In addition, the engine 122 calls a fraud provider (not shown) to
determine a fraud score for the transaction, by one or more fraud
scoring algorithms. In doing so, in this example, the engine 122
provides a variety of details about the transaction, which the
fraud provider utilizes (in whole or in part) to determine the
fraud score, often based on conventional fraud protection
techniques. When the fraud score is returned to the engine 122, the
engine 122 then determines, at 706, if a fraud score criteria
defined by the merchant's fraud prevention rule is violated, or
not. If violated, as above, the engine 122 effects the appropriate
prescribed action, at 708, and if not, permits the transaction to
proceed, at 710.
[0057] In the above examples, the engine 122 (as part of sales
platform 124) generally reviews the transactions when received at
the sales platform 124, based on the fraud prevention rules for the
merchant 102, prior to or in connection with the merchant 102
submitting an authorization request for the transaction to the
acquirer 104, as described above. In this manner, permitting the
transaction to proceed, by the engine 122, may include permitting
the merchant 102 (e.g., via the sales platform 124, etc.) to
transmit the authorization request to the acquirer 104 associated
with the merchant 102, or may include permitting the authorization
request to be transmitted to the payment network 106 or the issuer
108 (depending on where the engine 122 intercepts or receives the
authorization request). In one or more other embodiments, the
method 700 may be performed during or after the authentication
request is transmitted to the acquirer 104 (e.g., at the payment
network 106, at the issuer 108, etc.), where the engine 122 may
intercept or otherwise receive the authorization request and
determine if one or more fraud prevention rules for the merchant
102 are applicable to the transaction. Alternatively, the method
700 may be performed during or after an authentication reply is
transmitted by the issuer 108 (e.g., the engine 122 may intercept
or otherwise receive the authentication reply, for example, at the
issuer 108, at the payment network 106, at another location, etc.),
or even during the clearing and/or settlement process, etc.
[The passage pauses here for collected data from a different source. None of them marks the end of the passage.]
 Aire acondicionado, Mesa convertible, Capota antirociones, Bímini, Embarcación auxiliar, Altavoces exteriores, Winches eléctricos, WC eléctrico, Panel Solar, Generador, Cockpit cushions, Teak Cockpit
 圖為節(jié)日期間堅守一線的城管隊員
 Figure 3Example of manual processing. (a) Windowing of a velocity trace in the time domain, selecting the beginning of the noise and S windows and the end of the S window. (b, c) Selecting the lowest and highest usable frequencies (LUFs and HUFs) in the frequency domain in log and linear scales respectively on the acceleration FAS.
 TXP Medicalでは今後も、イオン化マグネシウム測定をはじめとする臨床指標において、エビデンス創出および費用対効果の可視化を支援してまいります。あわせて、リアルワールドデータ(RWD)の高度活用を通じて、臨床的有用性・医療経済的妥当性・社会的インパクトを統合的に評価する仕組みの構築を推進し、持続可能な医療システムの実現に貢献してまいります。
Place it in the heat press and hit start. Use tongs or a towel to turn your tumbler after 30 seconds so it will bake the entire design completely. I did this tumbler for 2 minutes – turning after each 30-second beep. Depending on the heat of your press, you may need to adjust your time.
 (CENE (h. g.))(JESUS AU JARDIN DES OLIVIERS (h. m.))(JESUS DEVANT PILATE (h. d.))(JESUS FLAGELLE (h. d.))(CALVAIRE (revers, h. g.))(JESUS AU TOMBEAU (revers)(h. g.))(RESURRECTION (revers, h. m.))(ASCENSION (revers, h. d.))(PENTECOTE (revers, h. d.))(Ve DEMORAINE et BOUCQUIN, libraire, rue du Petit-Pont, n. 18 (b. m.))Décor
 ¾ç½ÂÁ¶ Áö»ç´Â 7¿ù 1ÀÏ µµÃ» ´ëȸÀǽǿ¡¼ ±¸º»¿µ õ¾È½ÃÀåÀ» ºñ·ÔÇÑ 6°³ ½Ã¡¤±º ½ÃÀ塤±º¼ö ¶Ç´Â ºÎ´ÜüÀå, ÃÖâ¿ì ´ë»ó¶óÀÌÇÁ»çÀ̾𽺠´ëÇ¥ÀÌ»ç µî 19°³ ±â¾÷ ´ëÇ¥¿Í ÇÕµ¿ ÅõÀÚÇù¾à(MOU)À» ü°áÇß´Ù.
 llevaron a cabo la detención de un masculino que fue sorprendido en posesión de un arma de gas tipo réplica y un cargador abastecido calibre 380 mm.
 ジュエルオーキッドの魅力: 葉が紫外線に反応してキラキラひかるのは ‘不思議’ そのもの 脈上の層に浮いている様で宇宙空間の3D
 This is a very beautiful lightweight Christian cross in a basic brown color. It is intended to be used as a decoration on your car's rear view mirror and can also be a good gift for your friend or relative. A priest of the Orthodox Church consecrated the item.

[0058] At this point, it should be appreciated that the engine 122
may be separated into a rules generation aspect and a rules
enforcement aspect, in which the engine 122 is segregated between
two or more computing devices. The particular setup and/or
segregation of the engine 122 (if any) may impact the manner in
which a transaction is inhibited and/or permitted to proceed as
described herein.
[0059] As the fraud prevention rules are employed in system 100
and/or the method 700, prescribed actions (e.g., review,
authenticate, decline, etc.) are expected to occur. The engine 122,
in addition to the above, further provides notifications to the
merchant 102, indicating the impact of the fraud prevention rules.
FIGS. 11 and 12 illustrate exemplary notification interfaces 1100
and 1200 sent, by the engine 122, to the merchant 102 (and the
admin 114) to inform of the rules violations. In the interface 1100
of FIG. 11, for example, the merchant 102 is informed of the number
of amount violations in a prior twenty-four hour period.
[0060] In the interface 1200 of FIG. 12, for example, the same
notification is provided, but a suggestion to review the amount
rules is also provided (with a direct link to either the settings
interface 400 of FIG. 4 or the fraud settings interface 500 of FIG.
5). It should be appreciated that any different number of
notifications in any form may be passed from the engine 122 to the
merchant 102 to inform and/or advise the merchant 102 relative to
the fraud prevention rules described herein.
[0061] As can now be appreciated, systems and methods herein
provide a merchant-specific option, which may be employed in
combination with (or as an alternative to) conventional fraud
protection techniques, in order to enhance protection of merchants
against fraudulent transactions. The rules provided herein permit
the merchants to recognize trends and/or factors, which may be
specific to the merchants, and implement rules that are also
specific to the merchants. As such, the construction of more
generic rules usable for a broader array of merchants (which may be
more easily implemented at acquirers, payment networks, or issuers,
for example) is avoided. Fraud prevention rules are thus generally
specific to the merchants, and managed by the merchants, to provide
improved protections over merchant-generic rules.
[0062] In addition, while the engine 122 is described herein with
reference to the sales platform 124, it should be appreciated that
the engine 122, as described herein, may be employed elsewhere in
the system 100, in both shown and not shown parts. Specifically,
the engine 122 (or parts thereof) may be employed in the acquirer
104 (or multiple acquirers), etc. Further, the engine 122 (or parts
thereof) may be employed in independent sales organizations (ISOs),
payment gateways, payment facilitators, etc. (whether understood to
be incorporated into a part shown in FIG. 1, or not). In at least
one example, the engine 122 (or parts thereof) is implemented to
provides desired flexibility in permitting merchants (or others) to
efficiently generate rule sets (i.e., as stored in the rules data
structure, etc.), and manage such rule sets over time, with regular
or irregular notifications of the result of the rule sets.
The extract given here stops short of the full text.